Committee urges end to abuse of migrant workers

Research on migrant workers has concluded that the Netherlands underestimated how many immigrants would come when the country opened its borders to people from Eastern and Central Europe in 2007. Research from a committee established by the Dutch House of Representatives says the Netherlands was completely unprepared for dealing with the influx. In its report, the committee put forward several measures to tackle the issues that have arisen.

Background

The Netherlands opened its borders to migrant workers from Eastern and Central Europe in 2007, which resulted in 200,000 people coming to the Netherlands to look for work. It also led to higher income levels

Consequently, the Dutch House of Representatives set up the temporary research committee on ‘Lessons learned from recent labour migration’ and gave it the task of researching why the influx occurred and what problems have arisen in the Netherlands as a consequence (see NL0810029I; NL0902039I).

The committee published its report, ‘Labour migration on track’ (in Dutch, 1054Kb PDF), on 30 September 2011. In it the committee concludes that the Netherlands was not in a position to deal effectively with the influx. The Netherlands had estimated that about 18,000 migrants would come and were inadequately prepared for the 200,000 who actually arrived.

Illegal employment and poor housing

The influx has led to many problems since 2007. Between 5,000–6,000 illegal temporary employment agencies have emerged, helping some 100,000 migrant workers to find a job. However, these agencies are unregulated and tend to find migrant workers work at the bottom end of the labour market where working conditions are poor and often below the Netherlands’ minimum legal standards.

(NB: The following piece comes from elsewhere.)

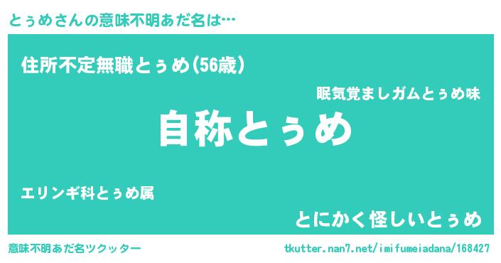 | 肩書あだ名 | 『とぅめ総統』『とぅめ教官』 |

Most accommodation for migrants is overcrowded, and although the workers are underpaid they are falling prey to landlords demanding too much for inadequate, poor-quality accommodation. The committee says this is unacceptable and believes that the Cabinet must act soon to stop this.

Measures needed to combat abuse

The committee says the government needs to act swiftly because all studies point towards a further increase in the number of migrant workers in the short term. The problems will increase if decision-making and implementation are too slow.

Its recommendations to the Dutch House of Representatives (and therefore the Cabinet) include:

  • taking steps to close all illegal employment agencies;
  • ensuring housing standards are adhered to;
  • encouraging local authorities to develop a joint regional housing policy which will prevent the formations of concentrated pockets of migrant workers;
  • implementing an improved, uniform, registration process so that local authorities have accurate numbers on which to base and implement policies;
  • identifying and encouraging appropriate measures to achieve migrant integration.

Henk Kamp, Minister of Social Affairs and Employment, has welcomed the fact that the House of Representatives is paying more attention to the issue of migrant workers, and has pointed out that he is already implementing a range of measures. A legislative proposal has already been prepared which would make it compulsory for temporary employment agencies to be registered. The minister has also already informed the House of Representatives about a new policy to close businesses repeatedly found to be in serious breach of guidelines. The Cabinet will issue its detailed response to the report in November.